* [Records from a collection]:
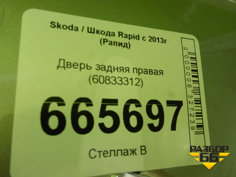 Дверь задняя правая (60833312) для Skoda Rapid с 2013г (Рапид) в Краснодаре
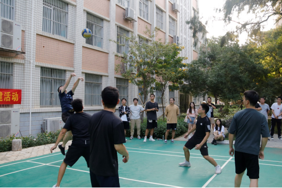 本次比赛电气研二支部和土木研十支部各派出三支队伍出战,比赛采用积分制的形式,前六场循环赛后由胜场最多的队伍进行最后的决赛。赛场上,运动员团结协作,配合默契,迅猛的发球、巧妙的拦网、精彩的扣杀,迎来一个又一个比赛高潮。球员奋力拼搏,观众热情加油,比赛扣人心弦,精彩场面随处可见。
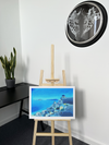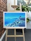 The artist's chosen palette is a symphony of blues, from deep cobalt to ethereal turquoise, perfectly capturing the merging of sea and sky that defines the Aegean horizon. Subtle touches of yellow and white add warmth and dimension, while providing striking contrast against the predominant blue tones. Our photography team have carefully preserved the delicate brushwork that creates texture in the sky and sea, while maintaining the crisp architectural details that give the scene its distinctive character.
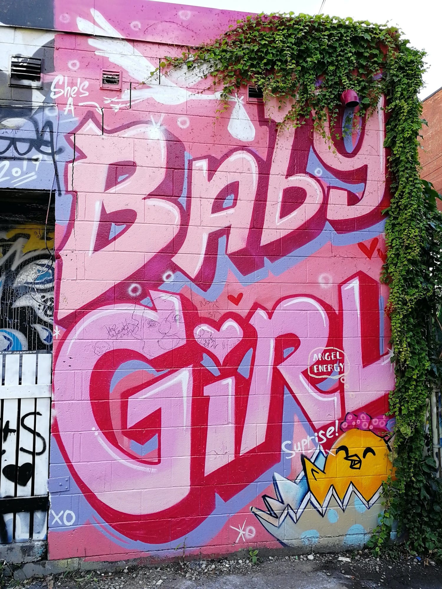 The artwork is of graffiti type. You can admire it in the city of Toronto in Canada and more precisely here : 530 R Richmond St W, Toronto, ON M5V 1Y4, Canada.
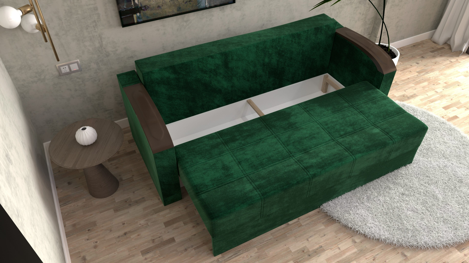 Canapeaua ofera lada de depozitare ideala pentru depozitarea lenjeriei, a pernelor sau a paturii. Scheletul este rezistent realizat pe structura din lemn si pal melaminat.
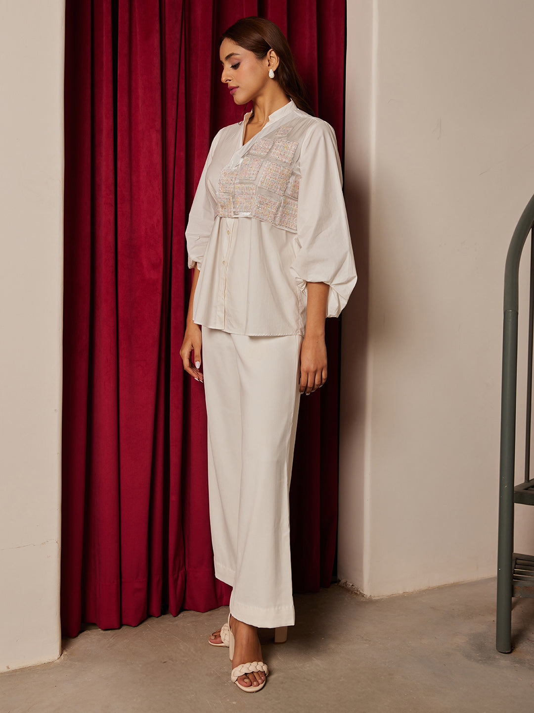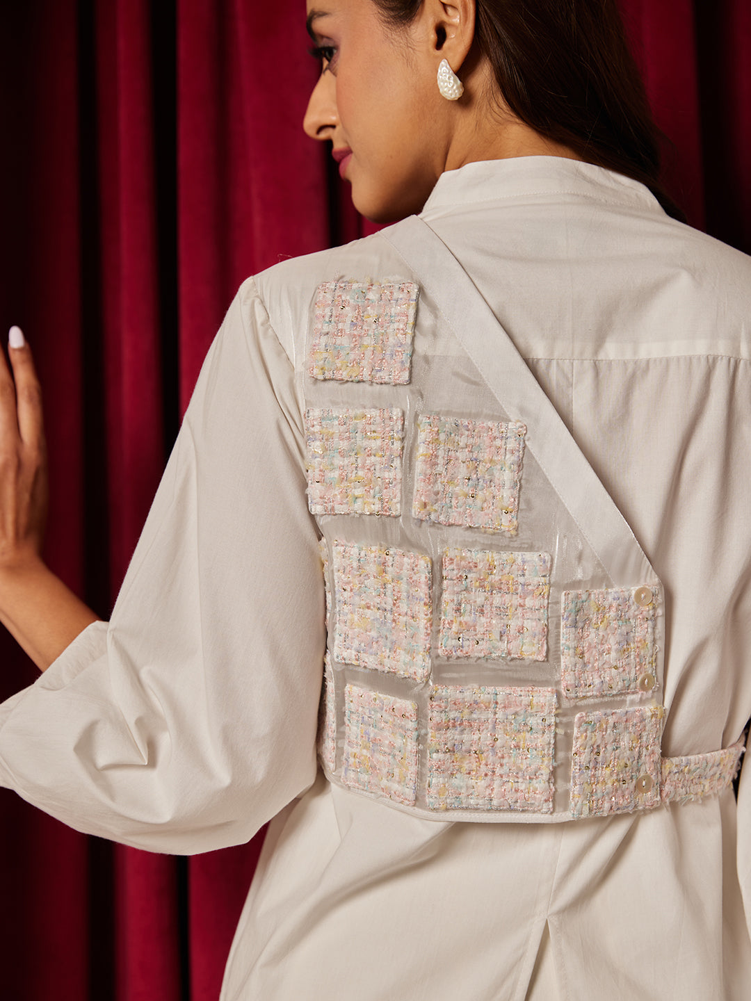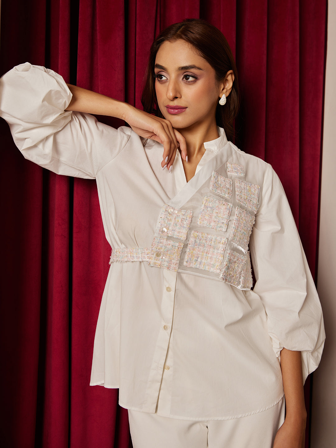 Elevate your wardrobe with our mandarin collar shirt, with voluminous gathered sleeves with elasticated hem and an overlap organza panel adorned with multicolor tweed square patches.
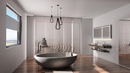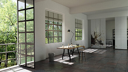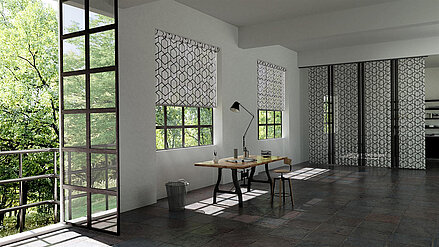 La collection Design est disponible pour tous les stores enrouleurs, parois japonaises, stores à bandes verticales, stores plissés, stores plissés nid d’abeilles et textile adhésif Squid (Chalk), permettant ainsi de mettre en œuvre un concept de protection solaire harmonieux pour toute la maison.
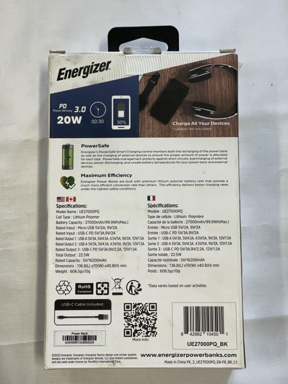 ENERGIZER 27,000MAH DUAL USB/USB-C POWER BANK - RETAIL $89
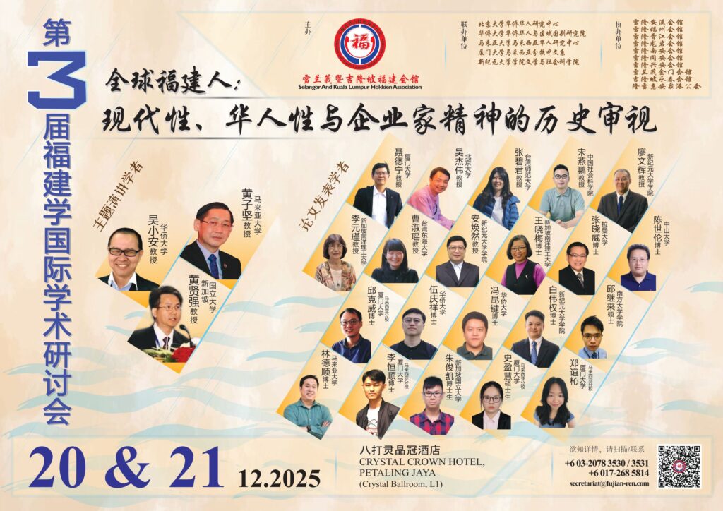 📢经10年后,今年2025年适逢雪隆福建会馆成立140周年,本会毅然决定举办“第三届福建学国际学术研讨会”,于2025年12月20日(星期六/早上8点至下午6点)至21日(星期日/早上8点至下午2点)为期两天假八打灵晶冠酒店(Crystal Crown Hotel Petaling Jaya)隆重举行。“第三届福建学国际学术研讨会”的大会主题为:“全球福建人:现代性、华人性与企业家精神的历史审视”,将研究范围扩大至全球福建人领域,以期更深、更广地发掘和追溯全球福建人的丰富历史遗产,为全球华族历史研究谱写崭新篇章。
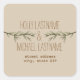 Pegatina de dirección boda con un ilustracion de ramas siempre verdes. Personalice el texto con sus nombres y dirección.
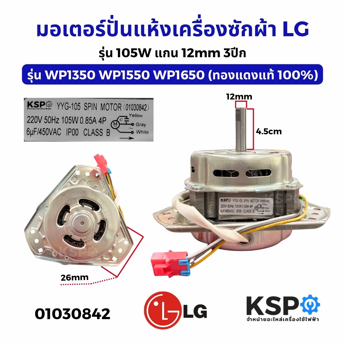 มอเตอร์ปั่นแห้ง เครื่องซักผ้า LG รุ่น 105W 3ปีก แกน 12mm รุ่น WP1350 WP1550 WP1650 (ทองแดงแท้) รุ่นเก่า อะไหล่เครื่องซักผ้า

* [What this task involves]:
Quote the lines above exactly, starting with the one that has "本次比赛电气研二支部和土木研" and ending with the one that has "Canapeaua ofera lada"; drop the pictures and include nothing else.

* [Exercise solution]:
 本次比赛电气研二支部和土木研十支部各派出三支队伍出战,比赛采用积分制的形式,前六场循环赛后由胜场最多的队伍进行最后的决赛。赛场上,运动员团结协作,配合默契,迅猛的发球、巧妙的拦网、精彩的扣杀,迎来一个又一个比赛高潮。球员奋力拼搏,观众热情加油,比赛扣人心弦,精彩场面随处可见。
 The artist's chosen palette is a symphony of blues, from deep cobalt to ethereal turquoise, perfectly capturing the merging of sea and sky that defines the Aegean horizon. Subtle touches of yellow and white add warmth and dimension, while providing striking contrast against the predominant blue tones. Our photography team have carefully preserved the delicate brushwork that creates texture in the sky and sea, while maintaining the crisp architectural details that give the scene its distinctive character.
 The artwork is of graffiti type. You can admire it in the city of Toronto in Canada and more precisely here : 530 R Richmond St W, Toronto, ON M5V 1Y4, Canada.
 Canapeaua ofera lada de depozitare ideala pentru depozitarea lenjeriei, a pernelor sau a paturii. Scheletul este rezistent realizat pe structura din lemn si pal melaminat.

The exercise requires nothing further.